* **Data extract**
● ● ● ●
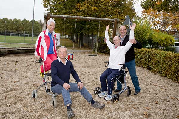 AUERBACH, November 2016 (DZ), Immer mehr Menschen greifen im Alter, nach einer Erkrankung oder Unfall auf die Unterstützung eines Rollators zurück, um sich in den eigenen vier Wänden sicher bewegen zu können. Auch wenn Rollatoren die Bewegungsfreiheit in vielen Lebensbereichen unterstützen sollen, werden sie oft nur zu Hause eingesetzt. Hierbei sind falscher Scham und die Angst einzugestehen, dass man älter wird meist die Gründe hierfür und wer darauf angewiesen ist, verlässt deswegen immer seltener oder gar nicht das Haus. „Aber auch falsche Nutzung oder der falsche Rollator sind daran schuld“, erläutert Thorsten Grießer von der Orthopädie-Technik Krieg GmbH aus Seeheim-Jugenheim bei der gemeinsamen Vorstellung von Rollator Fit in Bensheim. „Ein häufiger Fehler ist ein zu niedriger oder zu niedrig eingestellter Rollator, so dass man beim Laufen immer nur auf den Rollator schaut und den Rücken immer gebeugt hält“, erklärt Roland Scherer von TSV Rot-Weiß Auerbach und demonstriert die Falschhaltung an einem Rollator.
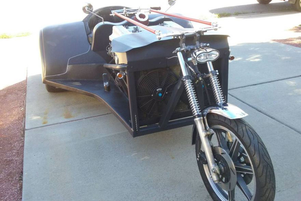 Y también resulta muy intrigante saber qué tenía en mente el creador de este artilugio a la hora de elegir el motor que lo movería. No sabemos exactamente lo que pasó por su cabeza, pero sí sabemos que este trike propulsado con el motor de un Porsche 928 del año 1986 es uno de las criaturas más extrañas que pueden verse en una carretera.
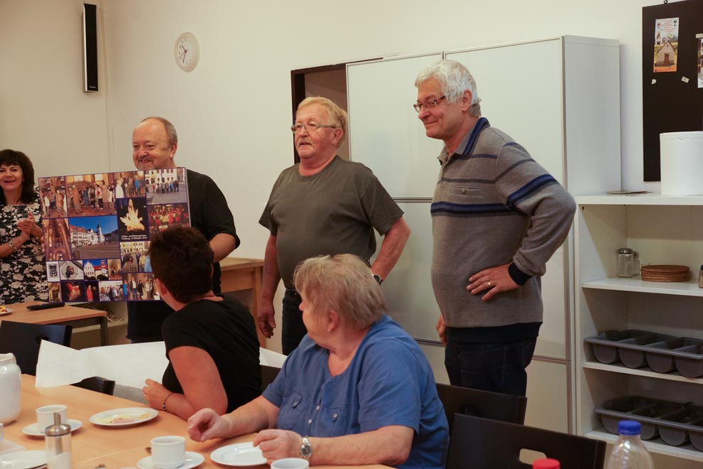 Muži byli v průběhu dne vysláni do lesa, kde nasbírali šišky, listí a další předměty pro výzdobu slavnostní tabule. Zažili tak na vlastní kůži i první letošní sníh. Odpoledne jsme pak společně s velkým zájmem shlédli dokumentární film „Krušné hory – Pohraniční příběhy Čechů a Němců mezi Kraslicemi a Klínovcem“ filmového studia SIRIUS. Vrcholem večera bylo vynikající čtyřchodové menu. Vše chutnalo skvěle a tak jsme poseděli až do pozdních nočních hodin.
● ● ● ●
* **Work required**
Please copy the data shown above precisely, leaving the images out.

* **Response to this exercise**
 AUERBACH, November 2016 (DZ), Immer mehr Menschen greifen im Alter, nach einer Erkrankung oder Unfall auf die Unterstützung eines Rollators zurück, um sich in den eigenen vier Wänden sicher bewegen zu können. Auch wenn Rollatoren die Bewegungsfreiheit in vielen Lebensbereichen unterstützen sollen, werden sie oft nur zu Hause eingesetzt. Hierbei sind falscher Scham und die Angst einzugestehen, dass man älter wird meist die Gründe hierfür und wer darauf angewiesen ist, verlässt deswegen immer seltener oder gar nicht das Haus. „Aber auch falsche Nutzung oder der falsche Rollator sind daran schuld“, erläutert Thorsten Grießer von der Orthopädie-Technik Krieg GmbH aus Seeheim-Jugenheim bei der gemeinsamen Vorstellung von Rollator Fit in Bensheim. „Ein häufiger Fehler ist ein zu niedriger oder zu niedrig eingestellter Rollator, so dass man beim Laufen immer nur auf den Rollator schaut und den Rücken immer gebeugt hält“, erklärt Roland Scherer von TSV Rot-Weiß Auerbach und demonstriert die Falschhaltung an einem Rollator.
 Y también resulta muy intrigante saber qué tenía en mente el creador de este artilugio a la hora de elegir el motor que lo movería. No sabemos exactamente lo que pasó por su cabeza, pero sí sabemos que este trike propulsado con el motor de un Porsche 928 del año 1986 es uno de las criaturas más extrañas que pueden verse en una carretera.
 Muži byli v průběhu dne vysláni do lesa, kde nasbírali šišky, listí a další předměty pro výzdobu slavnostní tabule. Zažili tak na vlastní kůži i první letošní sníh. Odpoledne jsme pak společně s velkým zájmem shlédli dokumentární film „Krušné hory – Pohraniční příběhy Čechů a Němců mezi Kraslicemi a Klínovcem“ filmového studia SIRIUS. Vrcholem večera bylo vynikající čtyřchodové menu. Vše chutnalo skvěle a tak jsme poseděli až do pozdních nočních hodin.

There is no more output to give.